Habermas on Committed Reason

HabermasIn the final chapter of Theory and Practice (1973) Habermas provides a response to the question: What are the commitments of reason? The positivist answer to this question has been a resounding, “none.” Habermas argues that this is not only incoherent; it is politically dangerous.

Habermas’s argument is supported by a genealogy of the relationship between reason and praxis in Western thought. In the Enlightenment tradition, Habermas finds a link between reason and “emancipation for adult autonomy” (276). Reason is defined as the dissolution of dogmatism, error and ignorance, which are linked with suffering and the denial of freedom and autonomy (257). Kant’s sapere aude (dare to know), links reason with the will. Reason is committed because it is invested in the human interest of Enlightenment (257-8). In this way, in Fitche one finds the unity of reason and moral decision and in Marx the emancipatory potential of the critique of ideology (261-2).

In positivism Habermas locates the isolation of reason and practice. In contradistinction with the  Enlightenment view that knowledge of nature and knowledge of right action are linked, the function of knowledge associated with modern science is to extend and rationalize “our power of technical control over the objects or—which comes to the same thing—objectified processes of nature and society.” (264) Implied is a distinction between facts and values. The scientific commitment to ethical neutrality blocks rational consideration of values.

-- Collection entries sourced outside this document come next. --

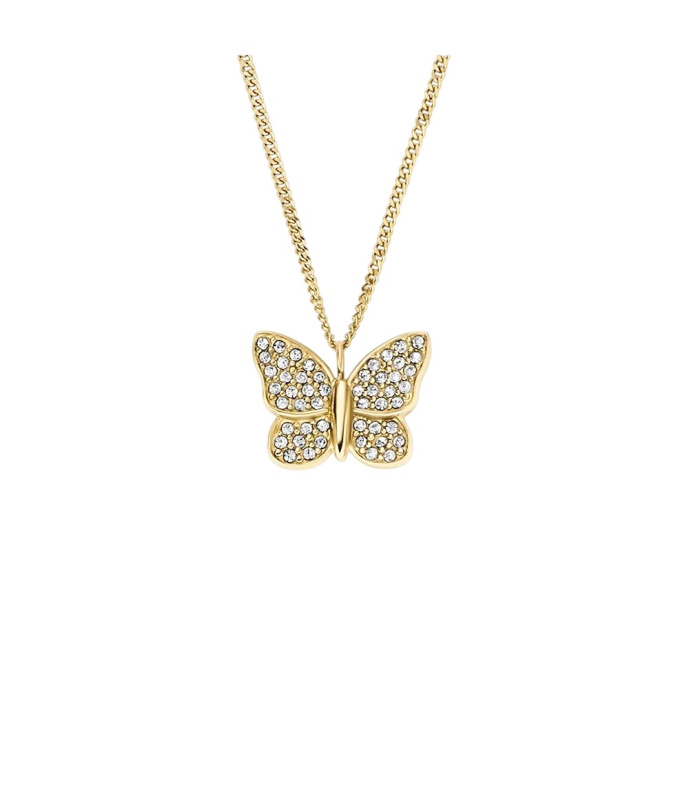 Fossil Elegantní pozlacený náhrdelník s krystaly Motýl JF04920710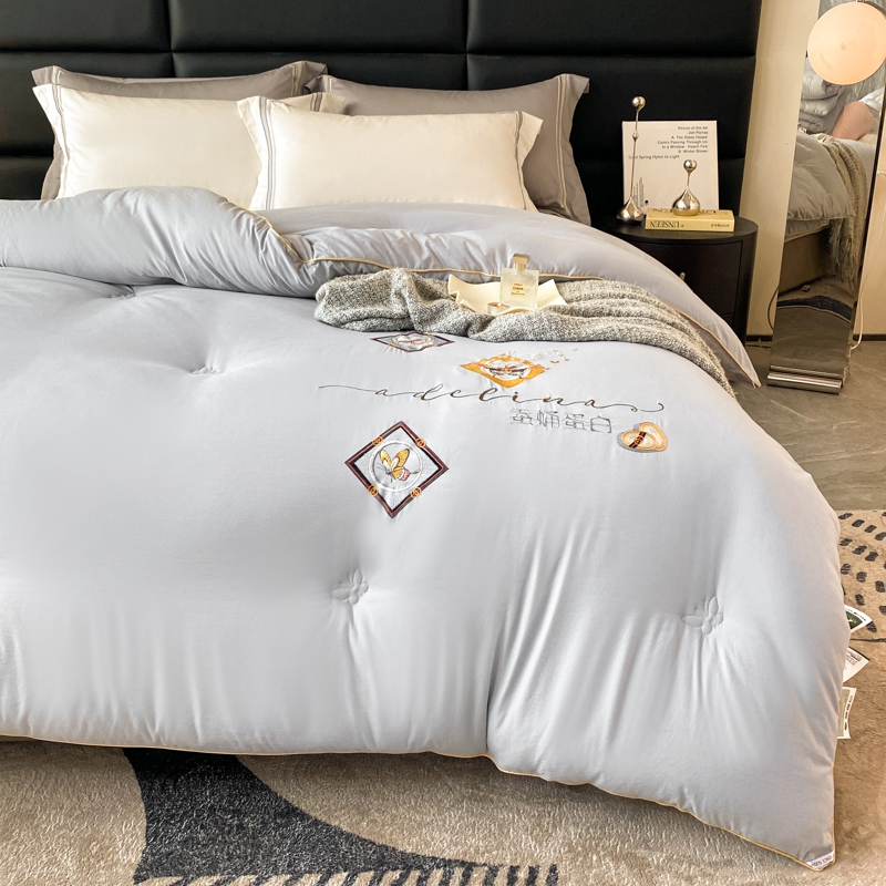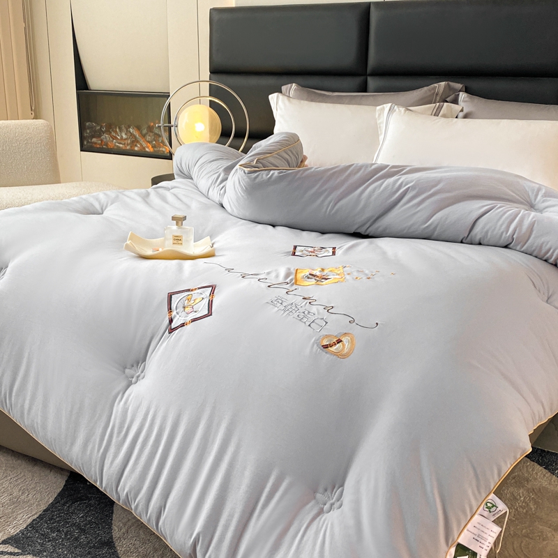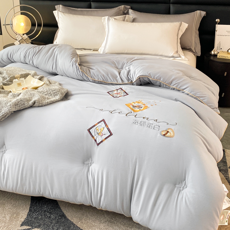 伊人居2023新款蚕蛹蛋白刺绣大豆被春秋被冬被【直播电商爆款】【来量定做】 灰色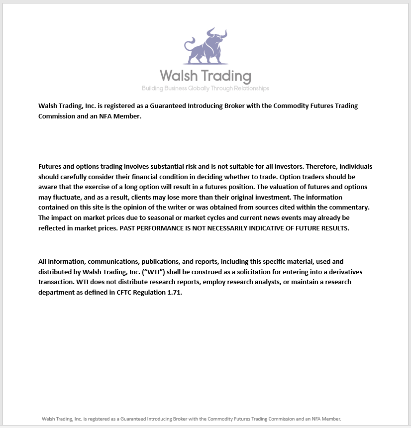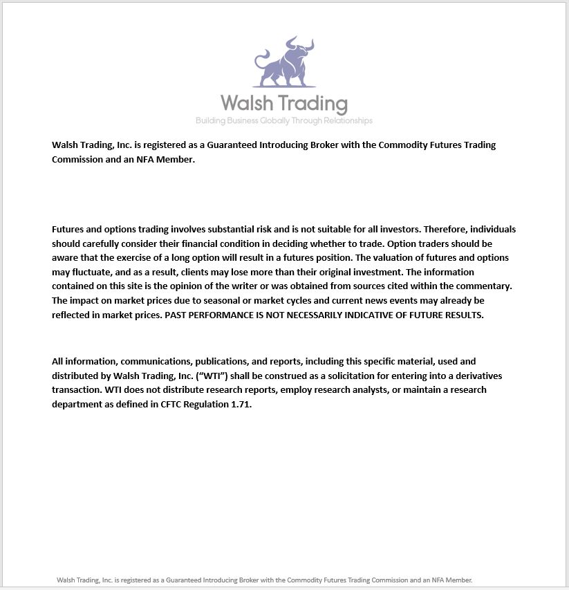 All information, communications, publications, and reports, including this specific material, used and distributed by Walsh Trading, Inc. (“WTI”) shall be construed as a solicitation for entering into a derivatives transaction. WTI does not distribute research reports, employ research analysts, or maintain a research department as defined in CFTC Regulation 1.71.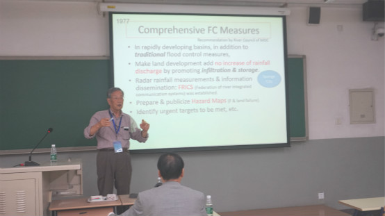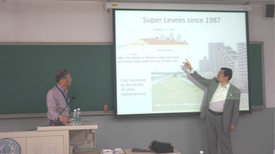徐宗学教授主持了本次学术报告会。首先,徐宗学教授对竹内邦良教授的来访表示了热烈的欢迎,并对竹内邦良教授的学术背景以及任职情况进行了简要介绍。随后竹内邦良教授分别做了题为“Water-related disaster management in Japan and transdisciplinary approach”、“Principles of disaster management”、“Industrial water recycling promoted by groundwater regulation and pollution control: A success story of Japan”的三个报告。报告结合日本的地理位置、气候特征等,对日本的防洪经验、风险管理措施以及地下水超采和污染问题做了详细的介绍。报告结束后,老师和同学们围绕着报告内容进行了深入的交流和探讨。最后,徐宗学教授对竹内邦良教授的精彩报告表示感谢。课程结束前,竹内邦良教授还愉快地跟与会师生合影留念。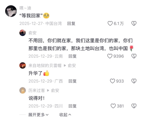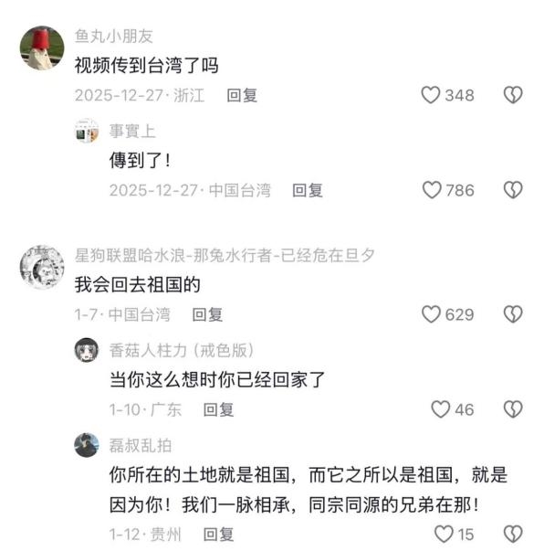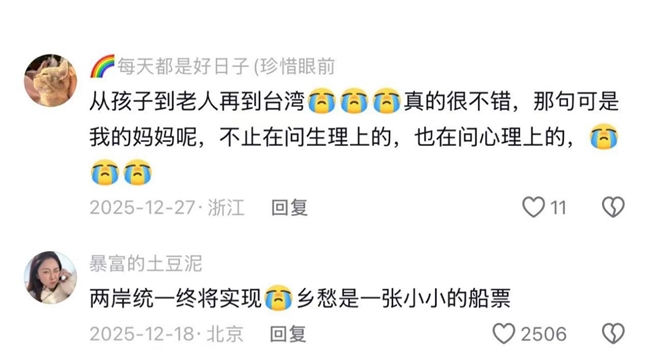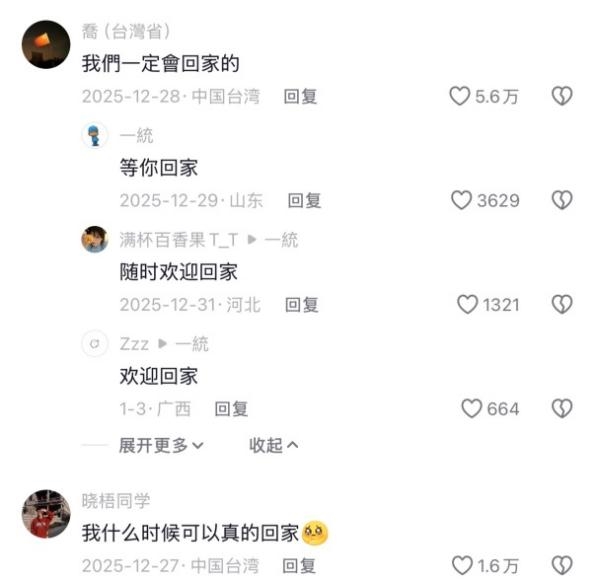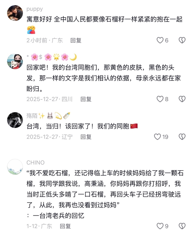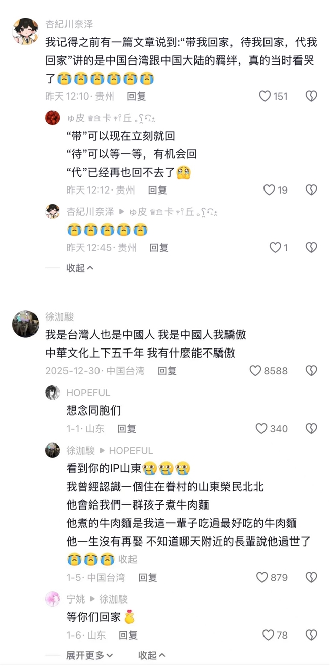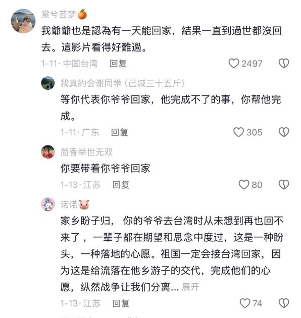 故事因具体而动人。评论区里,两岸网友的沟通毫无壁垒,有人讲述着自己亲人的故事,有人在每个IP中国台湾网友的评论下留言“早点回家”,文化同源的力量连接彼此,真诚的分享引发共鸣。

Thus, Habermas illustrates the relationship between positivism and decision: “practical questions are not ‘capable of truth;’” they “cannot be discussed cogently and in the final instance must be simply decided upon, one way or another.” (265) A political application of this line of thought is exemplified in Schmitt’s decisionism, an ethical application is provided in Sarte’s existentialism. Despite what sets them apart, both share the conviction that values “are not accessible to rational consideration and cannot form a rationally substantiated consensus.” (266)

But what is the basis of positivism’s commitment to rationality? Reason remains counterposed to ideology, error, and dogmatism, but “from what source does this critique draw its power, if reason divorced from commitment must be wholly devoid of any interest in an emancipation of consciousness from dogmatic constraint?” (267) Positivism must secretly presuppose a substantial notion of rationality (an interest in truth and enlightenment), one that it cannot acknowledge as a value because it rests on the claim that science and technical/instrumental rationality stands outside of subjective values, and that science cannot enter into deliberations about praxis.

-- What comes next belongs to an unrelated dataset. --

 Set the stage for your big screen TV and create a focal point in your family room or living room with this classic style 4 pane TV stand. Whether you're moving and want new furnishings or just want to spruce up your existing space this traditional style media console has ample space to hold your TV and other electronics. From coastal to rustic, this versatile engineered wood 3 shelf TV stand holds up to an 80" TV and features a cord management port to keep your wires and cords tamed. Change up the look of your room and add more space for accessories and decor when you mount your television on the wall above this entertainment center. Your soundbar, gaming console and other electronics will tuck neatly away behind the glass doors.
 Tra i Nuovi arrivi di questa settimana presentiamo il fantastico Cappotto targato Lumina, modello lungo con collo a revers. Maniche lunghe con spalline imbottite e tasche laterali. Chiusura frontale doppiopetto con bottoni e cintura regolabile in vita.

Habermas explicates four levels of rationalization that illustrate the incoherence and danger of positivism. The first level is “technological rationality in the strict sense: we employ techniques placed at our disposal by science for the realization of goals.” The second is the “translation of technical recommendations into praxis.” Decisions are to be made on the basis of economy/efficiency  to achieve an end external to technological rationality. (270-1) At these first two levels, values remain removed from cogent discussion.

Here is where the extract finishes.